Молли услышала в его интонации что-то свое, колыхнулась едва заметной компактной улыбкой. Мэри Форд улыбнулась шире, даже кивнула. Сара тоже ощутила на лице дежурную улыбку. Билл же просиял в сторону Сэнди, и мгновенно Сару и, конечно же, Молли и Мэри пронзило озарение. Конечно. Красавчик, театр, Нью-Йорк… Да-да, разумеется, у него в Нью-Йорке подруга, он ведь сам о ней упоминал… Врун! Держи карман шире! Все они обеспечены липовыми подругами и даже женами, если их загнать в угол. Эти мысли метались в голове Сары, и одновременно там же вопил немой голос: «Хватит, хватит! Ради бога, довольно!»
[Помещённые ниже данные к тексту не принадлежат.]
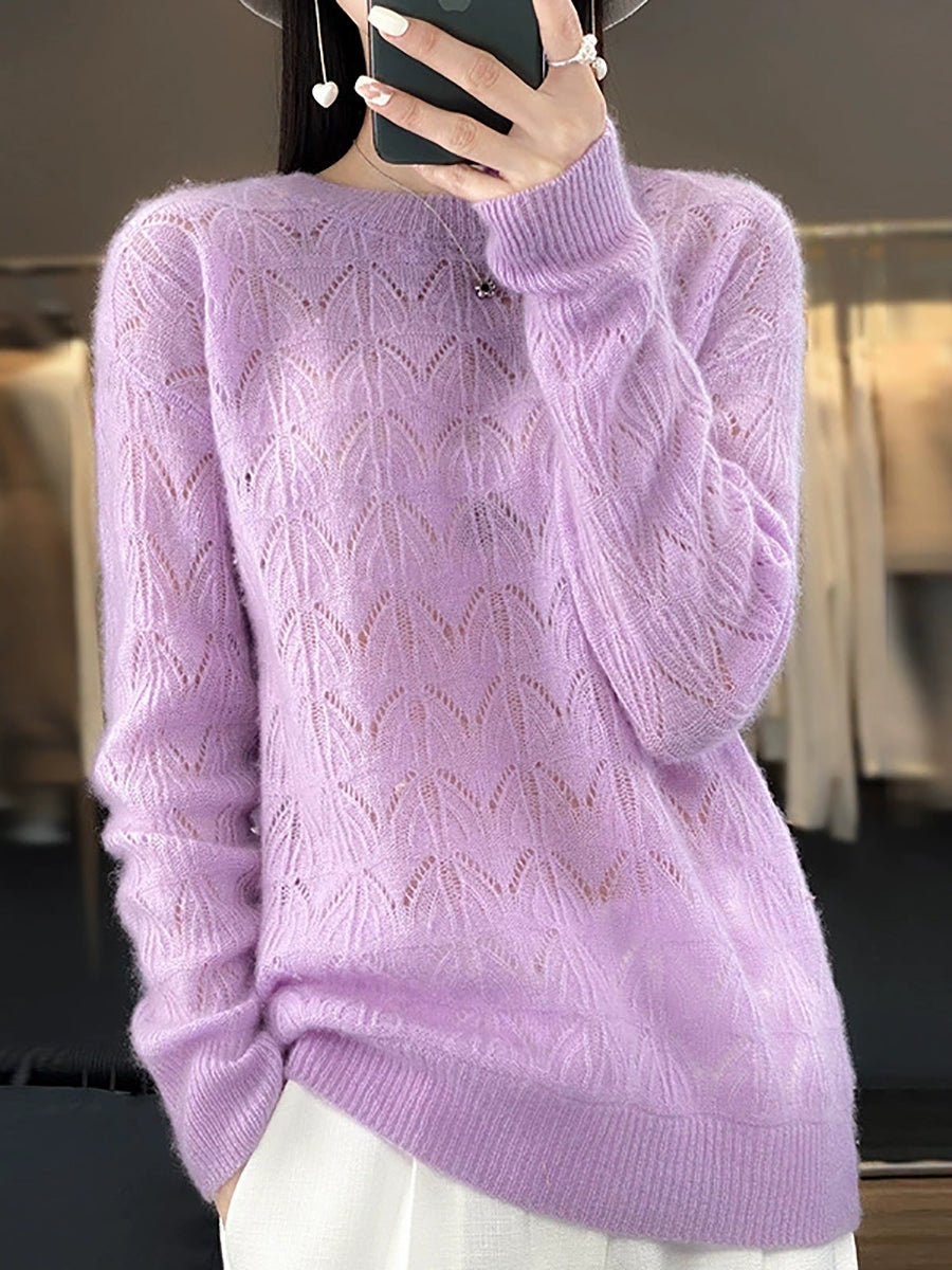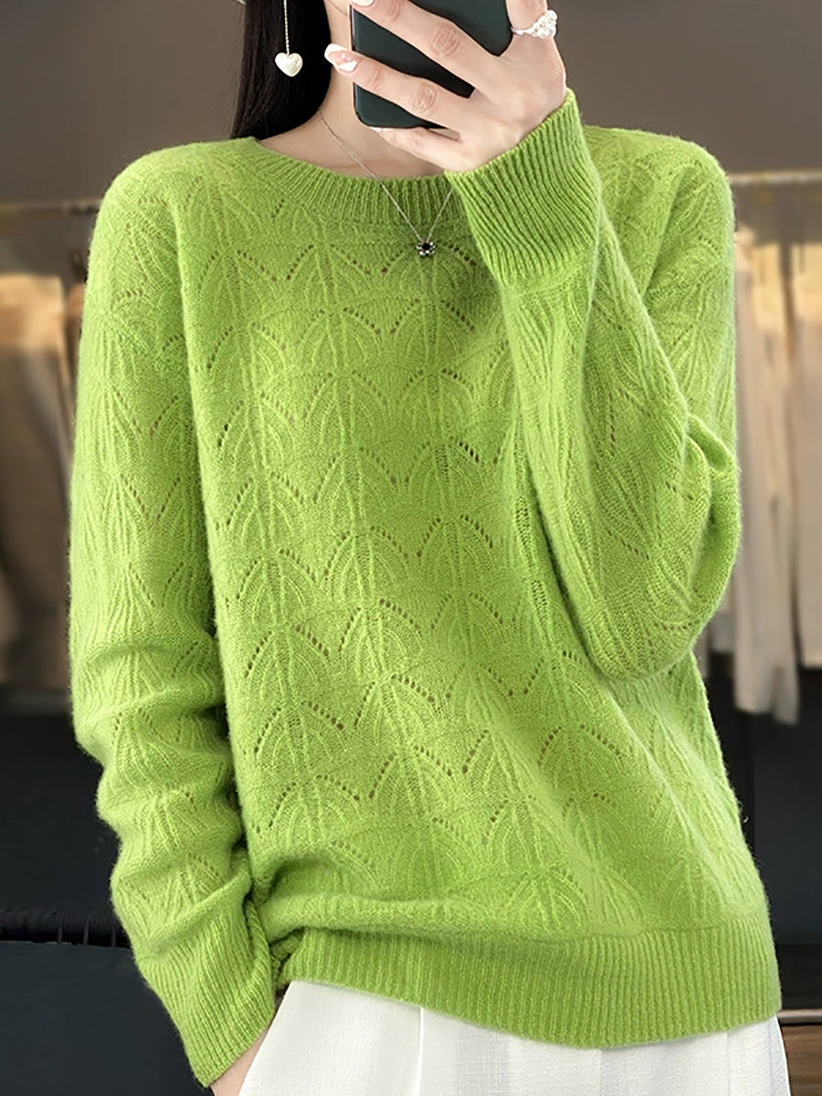 סוודר צמר O-צוואר בצבע טהור ואמנותי לנשים באביב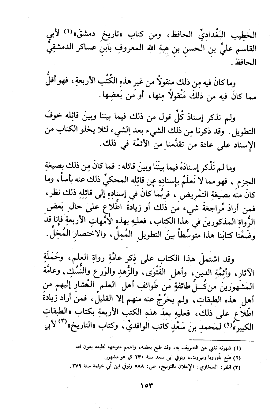 وقد اشتمل هذا الكتاب على ذكر عامة رواة العلم، وحملة الآثار، وأئمة الدين، وأهل الفتوى، والزهد والورع والنسك، وعامة المشهورين من كل طائفة من طوائف أهل العلم المشار إليهم من أهل هذه الطبقات، ولم يخرج عنه منهم إلا القليل، فمن أراد زيادة اطلاع على ذلك، فعليه بعد هذه الكتب الأربعة بكتاب"الطبقات الكبير" (2) لمحمد بن سعد كاتب الواقدي، وكتاب"التاريخ" (3) لابي

Телефон. Стивен. В голосе слезы, может, еще плачет.
— Поговорите со мной, Сара. Просто поговорите, о чем — нибудь, все равно. Я и вправду схожу с ума.
Не тот случай, когда можно сказать: «Я перезвоню». Она строго глянула на молодежь (к которой причислила ради этого случая и старушку Мэри), сообщила, что из Нью-Йорка звонят по поводу «Абеляра и Элоизы». Конечно, уж Мэри-то сразу поняла, что это неправда. Поэтому она решительно поднялась первой, увлекая за собой остальных. Билл, как Сара увидела и почувствовала с неподобающим удовольствием, с явным нежеланием.
— Уходим, — сказала Мэри. — Надеюсь, не дурные вести. Это не американский спонсор? — покосилась она на Сару.
— Нет, это не американский спонсор.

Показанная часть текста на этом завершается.